Marcus Melchior (1897–1969) was a Danish rabbi. The rabbi of the main synagogue in Copenhagen, Denmark, at the time of the rescue of the Danish Jews in October 1943, during the Second World War. After escaping with his family and most other Danish Jews to Sweden, he served as the acting rabbi for the Jewish refugees in Sweden until the end of the war, in mid 1945. In 1947 he became the chief rabbi of Denmark, a post he held until his death, in 1969.

==Biography==
Melchior came from a prominent Jewish family in Denmark. After receiving his Dr. Phil. from Königsberg University and his rabbinical diploma from the Hildesheimer Rabbinical Seminary, in Berlin, Germany, in 1921, he served as a rabbi in Tarnowskie Góry, Poland, from 1921 to 1923, and in Beuthen, Germany (today, Bytom, Poland), from 1925 to 1934. He then moved to Copenhagen, Denmark, and became rabbi for the Jewish community there. There he edited a magazine entitled Jødisk Familieblad. From 1943 to 1945 he was acting rabbi for the Jewish refugees from Denmark in Sweden. Following the death of Max Friediger, in 1947, he became chief rabbi in Denmark. After World War II he pleaded for reconciliation with the new Germany.

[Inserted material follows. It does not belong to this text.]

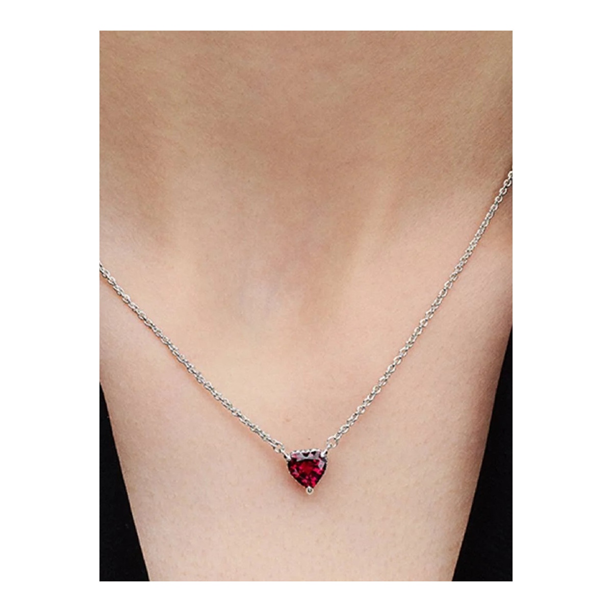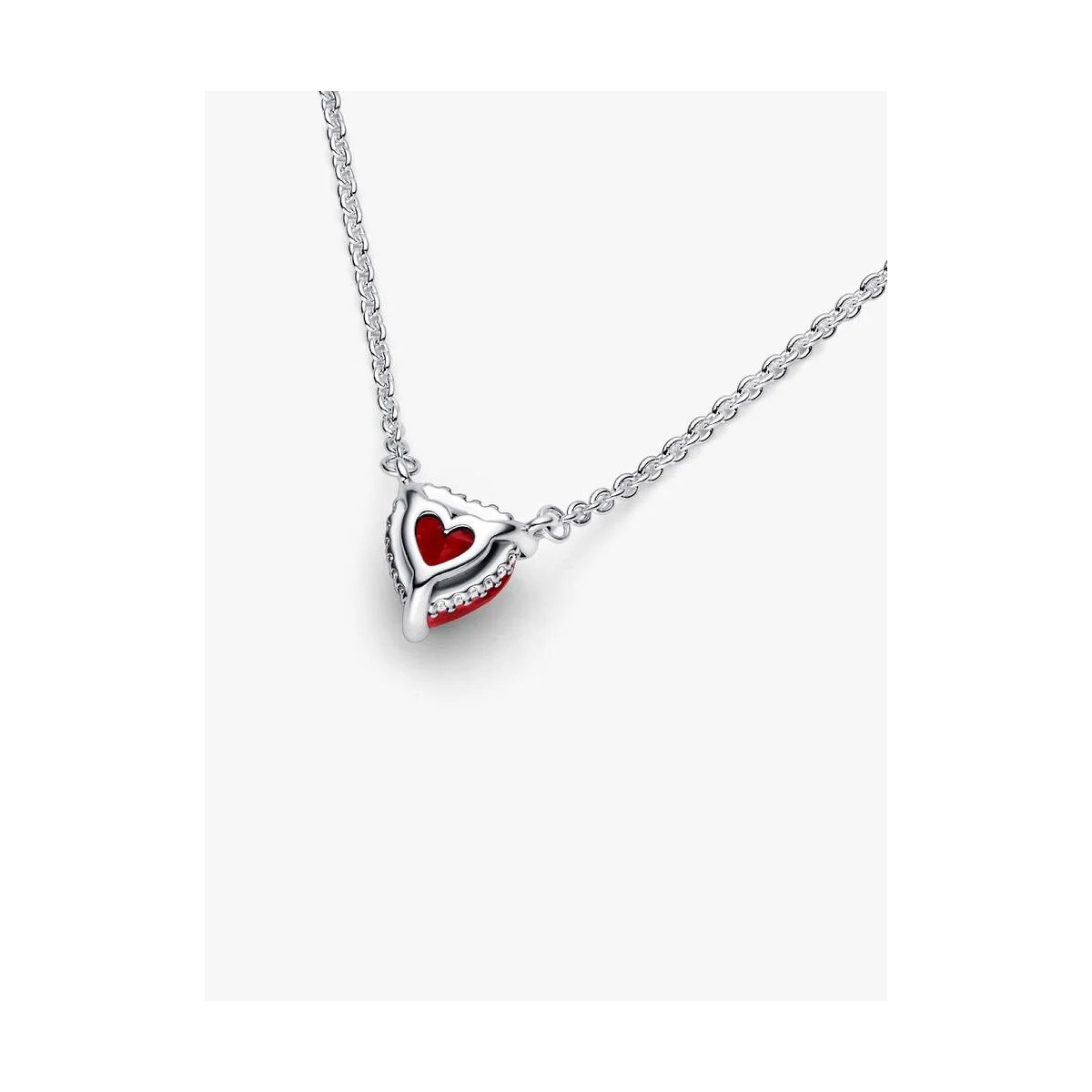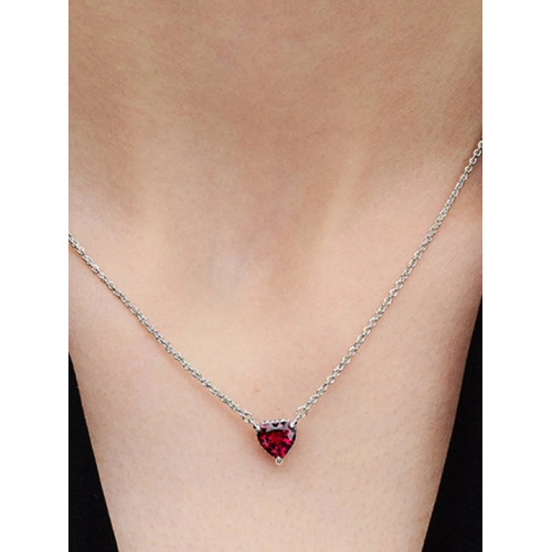 Regalos desde el corazón. Este collar con un colgante de cristal sintético de color rojo con forma de corazón en una cesta adornada con pavé irradia amor desde todos los ángulos. El colgante, que se ha fijado a la cadena

Though his background was Orthodox, his rhetorical skills and his culturally open attitudes made him a popular lecturer also outside Jewish circles.

He fathered four sons and two daughters, among them Arne Melchior (who became a frontbench Danish politician and government minister) and Binyamin (Bent) Melchior. In 1969, the latter succeeded his father as chief rabbi in Copenhagen, and is the father of Michael Melchior, who is chief rabbi in Norway and emigrated to Israel in 1986 where he became a member of the Knesset for the Labour-Meimad faction. He was also the grandfather of Rabbi Ove "Uri" Schwarz who served as the Chief Rabbi of Finland 1982–1987 as well as great-grandfather of the present Chief Rabbi of Denmark, Yair Melchior. Melchior’s actions during the Holocaust are widely credited as a decisive factor in the survival of the vast majority of Danish Jews.